## Requirement
Write out exactly the lines below starting at the one containing "Line several baking" and ending at the one containing "Ce camion Ampliroll". Omit every picture.

## Records shown
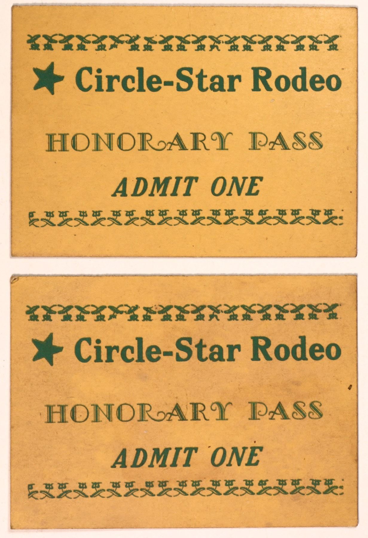 A pair of honorary passes to the Circle-Star Rodeo (2), undated. No information could be found on location. The 3.5" x 2.5" tickets are printed in blue-green with decorative trim above and below the text, which reads: Circle-Star Rodeo/HONORARY PASS/ADMIT ONE.
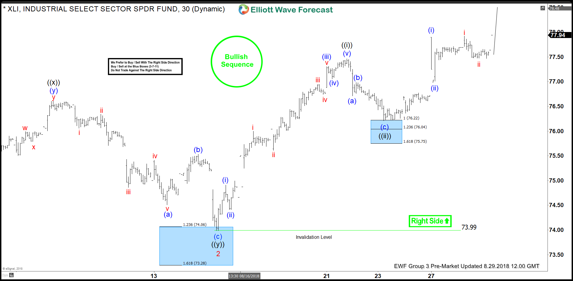As XLI ended the cycle from 06/27 low, at the high of 77.13 (07/31 peak). It started a pullback lower in red wave 2. The pullback proposed to unfolded as an Elliott Wave ZigZag structure. The right side in the 4H timeframe was at that time to the upside. So we advised members that we like buying XLI at the equal legs from 07/31 peak. Therefore, we expected buyers to appear in the dips in the sequences of 3, 7 or 11 swings. At the 100 – 1.236 Fibonacci extension of black ((a))-((b)). Which came at around 74.55-7406 area. And that was the first area for buyers to appear to take prices to new highs above red wave 1 peak or a larger 3 waves bounce at least.
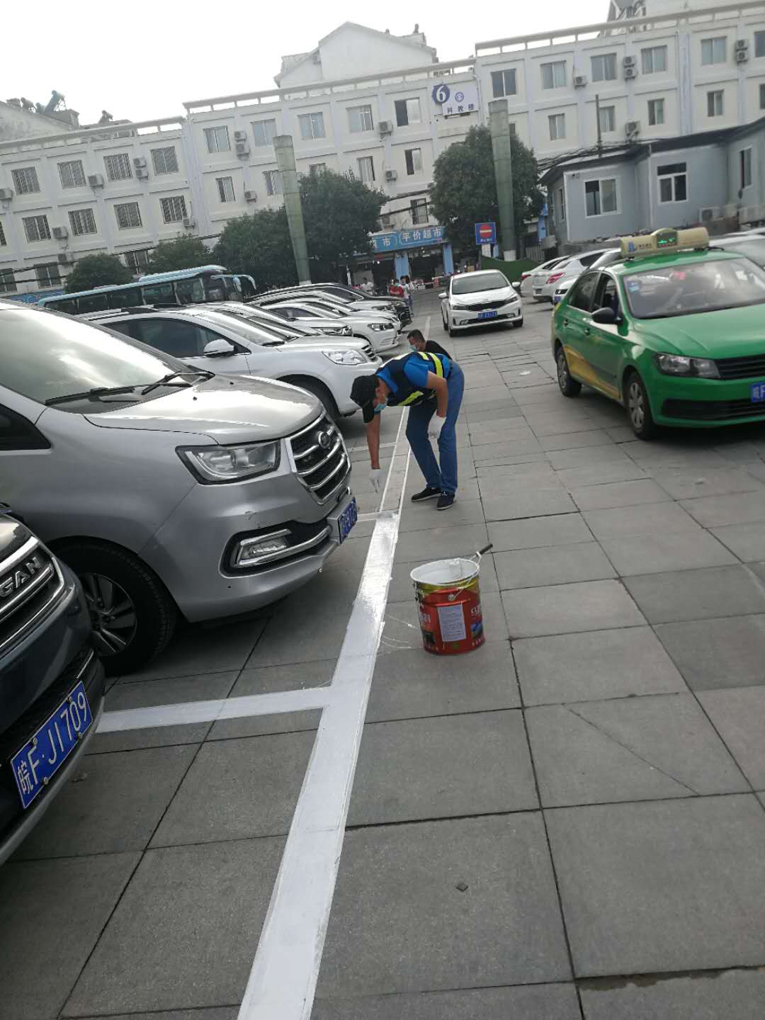 經過夏季暴雨的沖刷,加上車輛日復一日的碾壓,導致停車場的停車泊位線已斑駁不清。城泊公司緊緊圍繞創建全國文明城市工作要求,確保創城工作順利進行,進一步規范停車場停車秩序,組織公司員工對體育中心停車場及人民醫院住院部停車場污損的近400個停車泊位線及行車導向箭頭進行了復描。
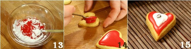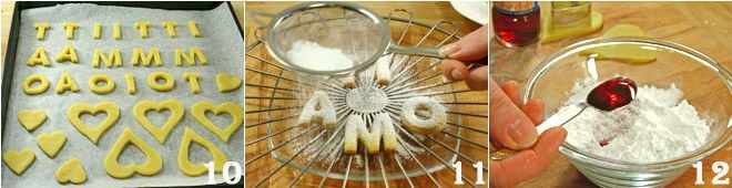 Line several baking sheets with parchment paper and arrange the cookies on them, spacing them a few inches apart 10. Bake in a preheated oven at 338°F for about 15 minutes. Once baked, sprinkle the letters with powdered sugar 11 and prepare the colored glaze to cover the hearts with powdered sugar, coloring, and hot water 12. Mix everything well with a spoon 13.
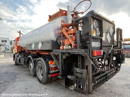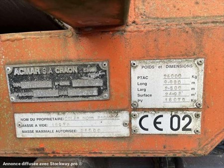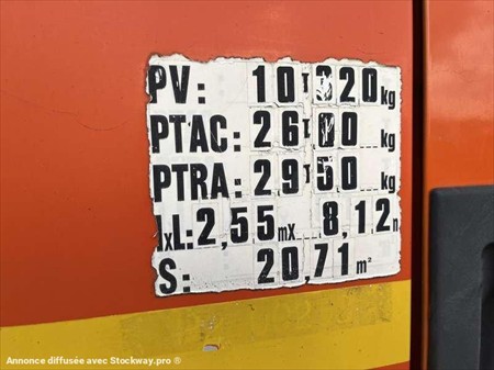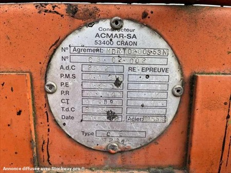 Ce camion Ampliroll de la marque Renault est le modèle Premium 370-26 équipé d'une Bouille Acmar de 2002. Longueur : 9 M 98 Largeur : 2 M 55 Hauteur : 3 M 55 Poids à vide : 10.320 kg. Taille pneus : 315/80 R 22.5 PTAC : 26 T PTRA : 29.500 kg Suspensions à lame à l'avant Suspensions à air à l'arrière Equipement ampli roll Guima Poly benne Bouille Acmar 625 SA d'une capacité de 10.500 litres Boite de vitesse mécanique 460.581 km
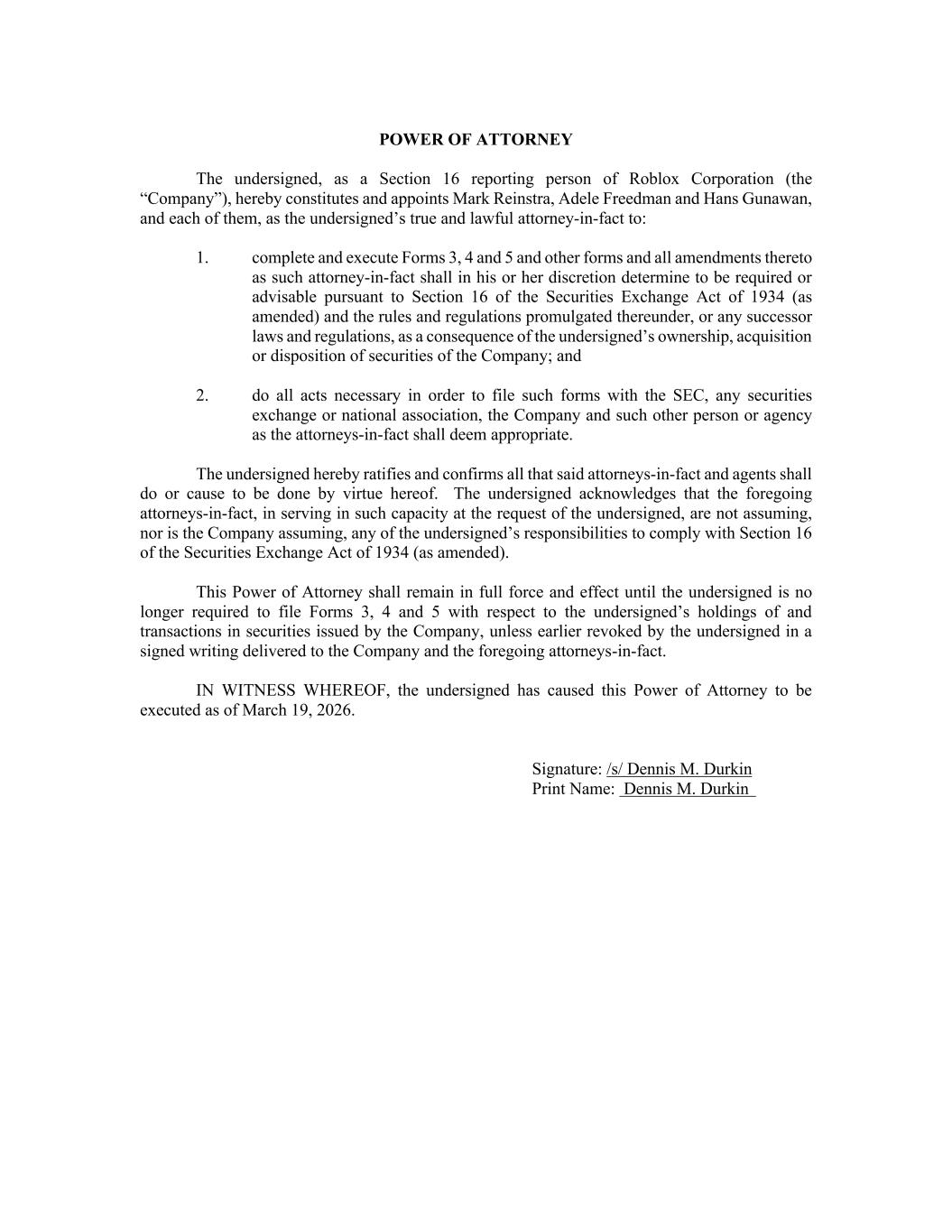 POWER OF ATTORNEY The undersigned, as a Section 16 reporting person of Roblox Corporation (the “Company”), hereby constitutes and appoints Mark Reinstra, Adele Freedman and Hans Gunawan, and each of them, as the undersigned’s true and lawful attorney-in-fact to: 1. complete and execute Forms 3, 4 and 5 and other forms and all amendments thereto as such attorney-in-fact shall in his or her discretion determine to be required or advisable pursuant to Section 16 of the Securities Exchange Act of 1934 (as amended) and the rules and regulations promulgated thereunder, or any successor laws and regulations, as a consequence of the undersigned’s ownership, acquisition or disposition of securities of the Company; and 2. do all acts necessary in order to file such forms with the SEC, any securities exchange or national association, the Company and such other person or agency as the attorneys-in-fact shall deem appropriate. The undersigned hereby ratifies and confirms all that said attorneys-in-fact and agents shall do or cause to be done by virtue hereof. The undersigned acknowledges that the foregoing attorneys-in-fact, in serving in such capacity at the request of the undersigned, are not assuming, nor is the Company assuming, any of the undersigned’s responsibilities to comply with Section 16 of the Securities Exchange Act of 1934 (as amended). This Power of Attorney shall remain in full force and effect until the undersigned is no longer required to file Forms 3, 4 and 5 with respect to the undersigned’s holdings of and transactions in securities issued by the Company, unless earlier revoked by the undersigned in a signed writing delivered to the Company and the foregoing attorneys-in-fact. IN WITNESS WHEREOF, the undersigned has caused this Power of Attorney to be executed as of March 19, 2026. Signature: /s/ Dennis M. Durkin Print Name: Dennis M. Durkin

## Exercise solution
 Line several baking sheets with parchment paper and arrange the cookies on them, spacing them a few inches apart 10. Bake in a preheated oven at 338°F for about 15 minutes. Once baked, sprinkle the letters with powdered sugar 11 and prepare the colored glaze to cover the hearts with powdered sugar, coloring, and hot water 12. Mix everything well with a spoon 13.
 Ce camion Ampliroll de la marque Renault est le modèle Premium 370-26 équipé d'une Bouille Acmar de 2002. Longueur : 9 M 98 Largeur : 2 M 55 Hauteur : 3 M 55 Poids à vide : 10.320 kg. Taille pneus : 315/80 R 22.5 PTAC : 26 T PTRA : 29.500 kg Suspensions à lame à l'avant Suspensions à air à l'arrière Equipement ampli roll Guima Poly benne Bouille Acmar 625 SA d'une capacité de 10.500 litres Boite de vitesse mécanique 460.581 km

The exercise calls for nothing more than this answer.